Ein griechisches Oberammergau
Im englischen Libretto, das der Komponist für die geplante, aber nicht realisierte Uraufführung am Royal Opera House Covent Garden selbst verfasste, führt er uns in ein griechisches Dorf zu Beginn der 1920er Jahre. An deren Einwohner verteilt der orthodoxe Priester Grigoris zu Beginn die Rollen für das anstehende Passionsspiel, also gleichsam ein griechisches Oberammergau. Die Charaktere von Jesus Christus, Maria Magdalena und den Jüngern werden für die Beteiligten bald zur neuen Realität und unterziehen sie einer schmerzhaften Prüfung. Sie müssen sich fragen: Wer bin ich? Wer kann ich werden? Was braucht es, um ein guter Mensch zu sein? Denn es erscheint eine Gruppe von Geflüchteten, ihrerseits Griechen, ihrerseits Christen, die verzweifelt und hungrig um Hilfe bittet. Ihr Dorf wurde dem Erdboden gleichgemacht.
Da wird nun eine ausgelassen feiernde, zufriedene, eingeschworene Gemeinschaft, voller ausgeprägter, auch schrulliger Typen, die gern das Bier „Mythos“ genießt, mit „den anderen“ konfrontiert. Die sind eigentlich gar nicht so anders, aber sie formulieren die Erwartung des Teilens. Wie der barmherzige Samariter ist das Dorf dazu zunächst bereit. Kleidung und Schuhe lassen sich ablegen, wir haben ja alle mindestens noch ein zweites Paar. Doch „die anderen“, die sich mit den Dorfbewohnern in zwei Chorgruppen gegenüberstehen, werden eben auch als bedrohlich aufgefasst. Abgrenzung, Ausgrenzung entstehen.

Manolios, der Parsifal-Christus
Da wird nun der junge Schafhirte Manolios zu einem sich wie der reine Thor Parsifal verwandelnden Protagonisten. Immer mehr überzeugt von und identifiziert mit seiner Rolle als Jesus Christus wird er zum Anwalt der anderen. Seine Empathie ist mehr als Bekenntnis. Sie wird zur Tat. Er verteilt Wasser an die Durstigen.
Er erlebt den Zwiespalt zwischen Eros (zur Darstellerin der Maria Magdalena, der Eliza Boom ihren herrlich hell aufblühenden Sopran leiht) und Ethik, also seiner eindeutig angenommenen Aufgabe der Hingabe an die Fremden. Am Ende wird er zum Märtyrer. Die eigene Dorfgemeinschaft bringt ihn um.
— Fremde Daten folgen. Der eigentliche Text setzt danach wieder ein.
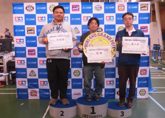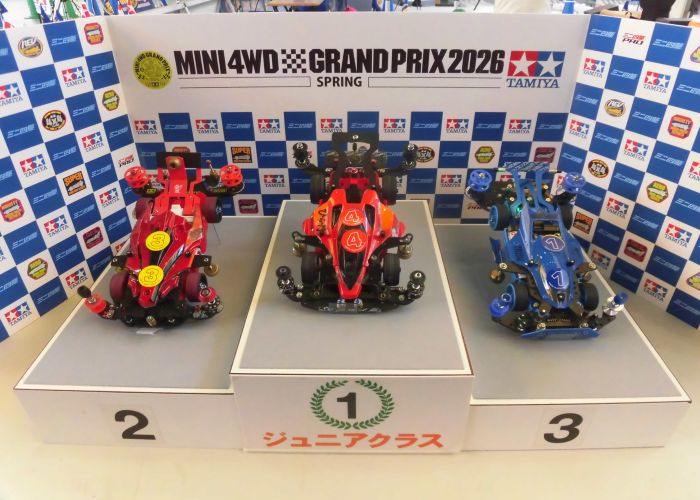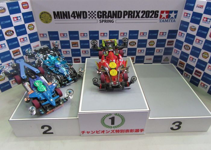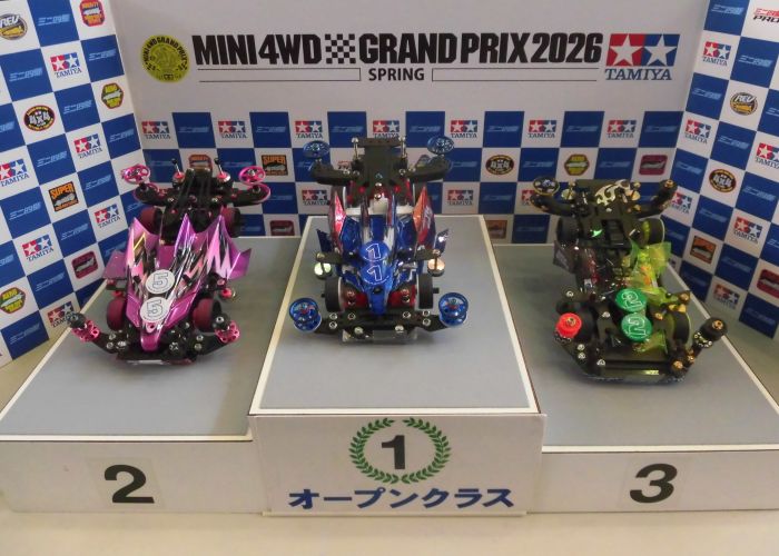 ■2026年のミニ四駆グランプリ、スプリングシリーズも第4戦となり」折り返しに突入! 掛川大会が「つま恋リゾート 彩の郷」にて28日(土)は終日練習日、29日(日)が本戦として開催されました。トライアルクラス・ファミリークラス・ジュニアクラス・オープンクラスとチャンピオンズおよび特別表彰選手のレースを行いました。場内の桜が日に日に満開に近づく中、両日合わせて合計900名が参加。連続する僅差の好勝負に会場も湧きました。
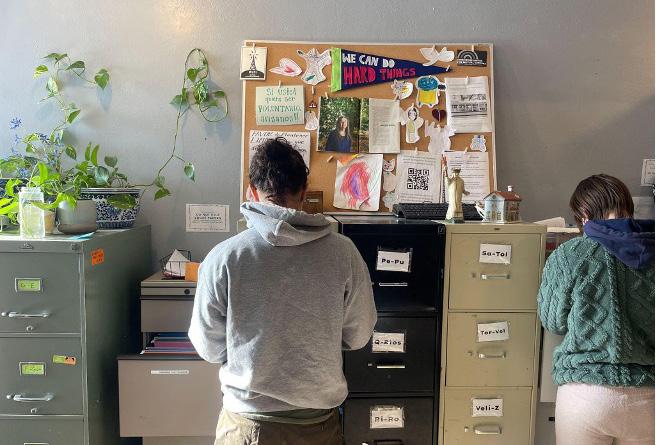 Volunteers at the legal aid clinic work beneath a bulletin board displaying a pennant that reads, “We can do hard things.” Graves asked that the South Side religious institution where the clinic operates remain unnamed because of the vulnerable legal status of her clients. celeste alcalay
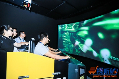 本次松下投影机最为火爆的4D动感飞车展项获得了大量观众的喜爱与参与。利用偏振立体技术,在投影机镜头前端加装偏振立体功能的镜片、配合专用立体观看眼镜、以及根据影片进行互动的仿真互动载体。使观众体验到沉浸式互动游戏的乐趣。
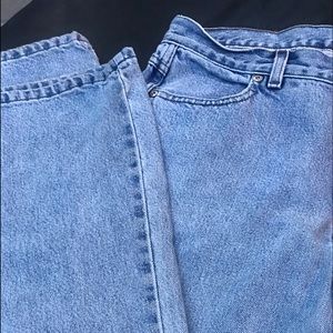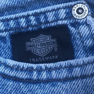 Women’s Harley Davidson denim jeans in size 10. Inseam 29” as shown, flat lay 16” at waist. Bootcut and hemline is intact as shown in pics. Medium blue in color, with awesome patch on back- these jeans get a lot of attention! Good for Sturgis!!
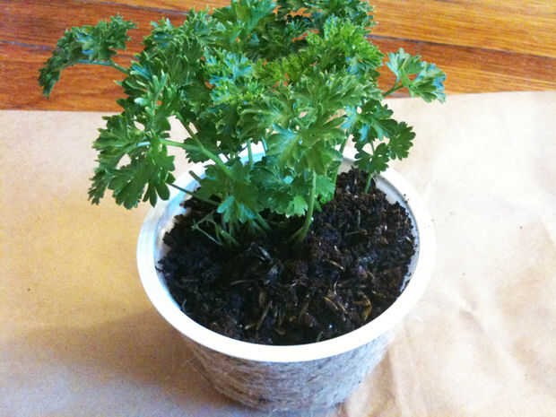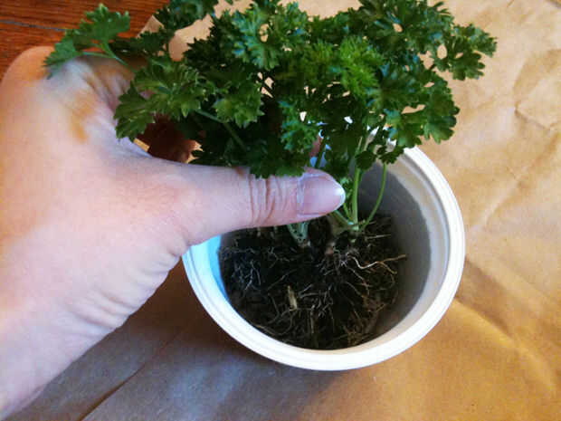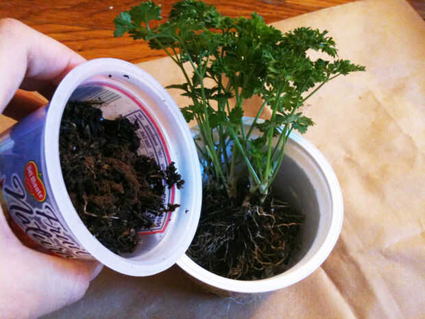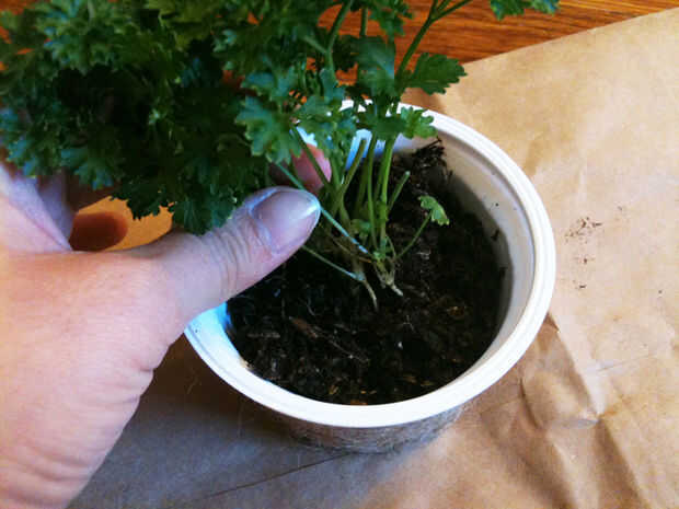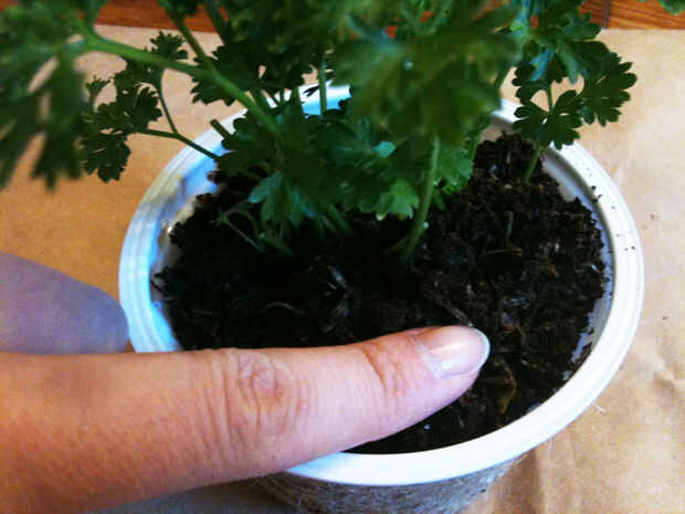 Plantar hierbas en el centro del recipiente y cubrir con tierra mezclada (paso 4). A continuación, presione suavemente el suelo para liberar cualquier bolsa de aire.
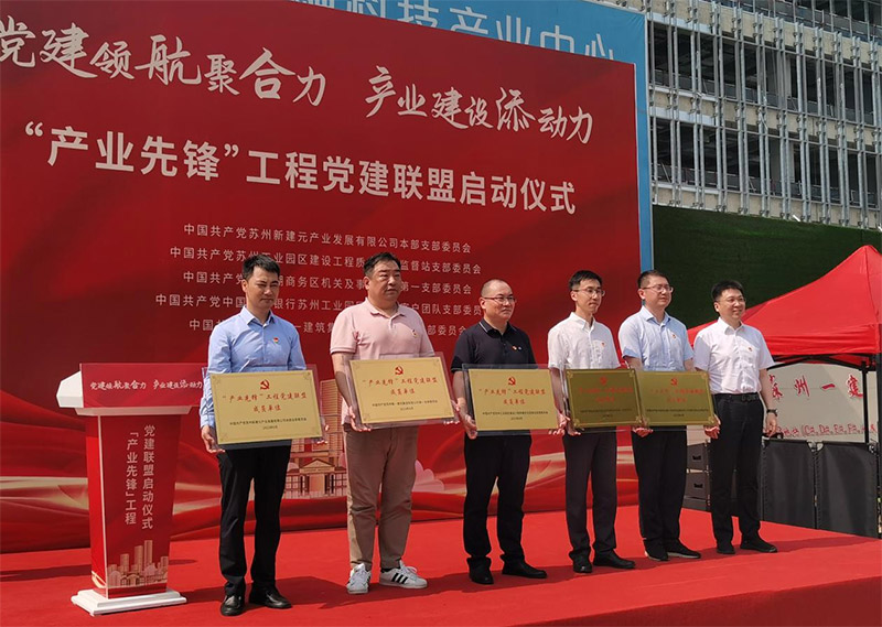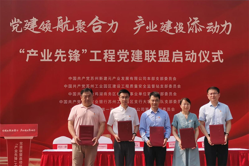 6月13日上午,由苏州新建元产业党委牵头,联合园区质安站、金鸡湖商务区、农业银行园区支行、必赢242net官网共5家单位组成的“产业先锋”工程党建联盟启动仪式在阳澄数谷新建元项目部成功举办。

Zwischen Realismus und Magie
Szenisch ist eine Umsetzung fürwahr nicht ohne Fallstricke des Folkloristischen, des allzu Eindeutigen, das märchenschlicht in Gut und Böse scheiden würde, vielleicht gar des Bibelkitschigen. Barbora Horáková jedoch gelingt eine unfasslich bildstarke Übersetzung des Geschehens zwischen Realismus und Magie. Da wird der Esel, mit dem Jesus einst nach Jerusalem einzog, zum Drahtesel, dem einfach eine Pappe mit dem Kopf des gern widerwilligen Tiers auf den Lenker gebastelt wird. Die beiden Chorgruppen weitet sie vom plumpen Kollektiv zu einer penibel ausgearbeiteten Ansammlung von Individuen, die in jeweils zu ihnen passenden Alltagsklamotten (Kostüme: Eva-Maria van Acker) auftreten.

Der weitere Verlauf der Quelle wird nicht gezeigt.